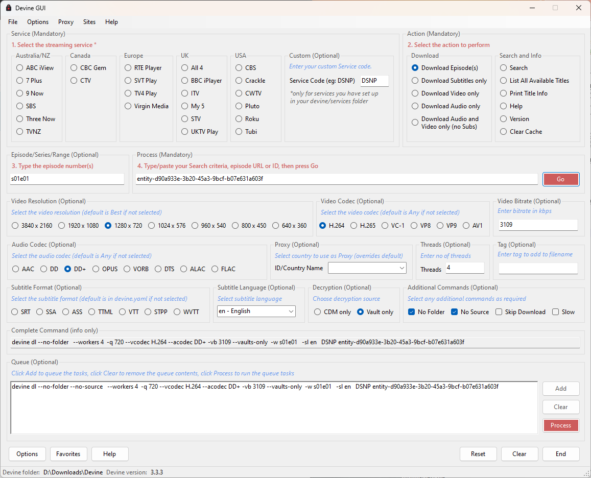 Note: this application does not come with any Services or a CDM - same deal as Devine itself. I have included a bunch of radio buttons for various services - they will only work of course if you have those services configured already.
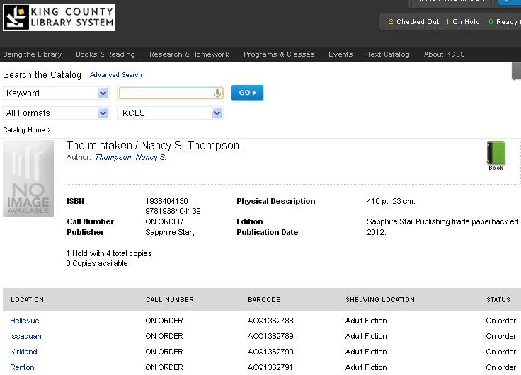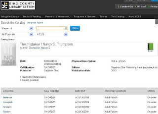 But still, I cannot tell you how excited I am by this, because the KCLS doesn't ordinarily stock titles that have not been reviewed by Kirkus, the NY Times, or the Library Journal, yet there it is, on order and soon to be stocked on the shelves of Washington's most popular library system.
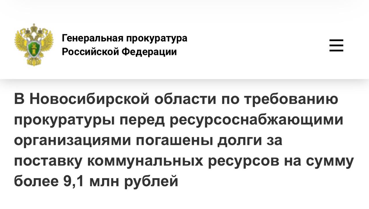 В Новосибирской области по требованию прокуратуры перед ресурсоснабжающими организациями погашены долги за поставку коммунальных ресурсов на сумму более 9,1 млн рублей

......

Please reproduce the data above word for word, skipping all images.

 Note: this application does not come with any Services or a CDM - same deal as Devine itself. I have included a bunch of radio buttons for various services - they will only work of course if you have those services configured already.
 But still, I cannot tell you how excited I am by this, because the KCLS doesn't ordinarily stock titles that have not been reviewed by Kirkus, the NY Times, or the Library Journal, yet there it is, on order and soon to be stocked on the shelves of Washington's most popular library system.
 В Новосибирской области по требованию прокуратуры перед ресурсоснабжающими организациями погашены долги за поставку коммунальных ресурсов на сумму более 9,1 млн рублей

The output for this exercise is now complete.